In the line spectra of hydrogen atom, difference between the largest and the shortest wavelengths of the Lyman series is 305 $$\mathring{A}$$. The corresponding difference for the Paschan series in $$\mathring{A}$$ is __________ (nearest integer)

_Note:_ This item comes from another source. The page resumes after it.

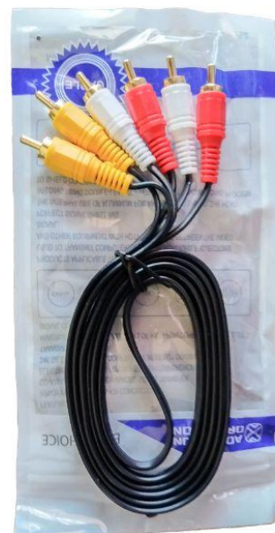
Cable para DVD Q15.00
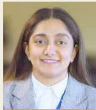
الشيخة فتي بنت عبدالله

$$\frac{1}{\lambda} = R_{\infty} \left( \frac{1}{n_1^2} - \frac{1}{n_2^2} \right)$$

For the Lyman series ($$n_1 = 1$$):

$$\text{Shortest wavelength } (\lambda_{L,\text{min}}) \implies n_2 = \infty \implies \lambda_{L,\text{min}} = \frac{1}{R_{\infty}}$$

$$\text{Largest wavelength } (\lambda_{L,\text{max}}) \implies n_2 = 2 \implies \lambda_{L,\text{max}} = \frac{4}{3R_{\infty}}$$

$$\Delta \lambda_L = \lambda_{L,\text{max}} - \lambda_{L,\text{min}} = \frac{1}{3R_{\infty}} = 304\ \text{Å} \implies \frac{1}{R_{\infty}} = 912\ \text{Å}$$

For the Paschen series ($$n_1 = 3$$):

$$\text{Shortest wavelength } (\lambda_{P,\text{min}}) \implies n_2 = \infty \implies \lambda_{P,\text{min}} = \frac{9}{R_{\infty}}$$

$$\text{Largest wavelength } (\lambda_{P,\text{max}}) \implies n_2 = 4 \implies \lambda_{P,\text{max}} = \frac{144}{7R_{\infty}}$$

$$\Delta \lambda_P = \lambda_{P,\text{max}} - \lambda_{P,\text{min}} = \frac{144}{7R_{\infty}} - \frac{9}{R_{\infty}} = \frac{81}{7R_{\infty}}$$

$$\Delta \lambda_P = \frac{81}{7} \times 912 = \frac{73872}{7} \approx 10553.14\ \text{Å}$$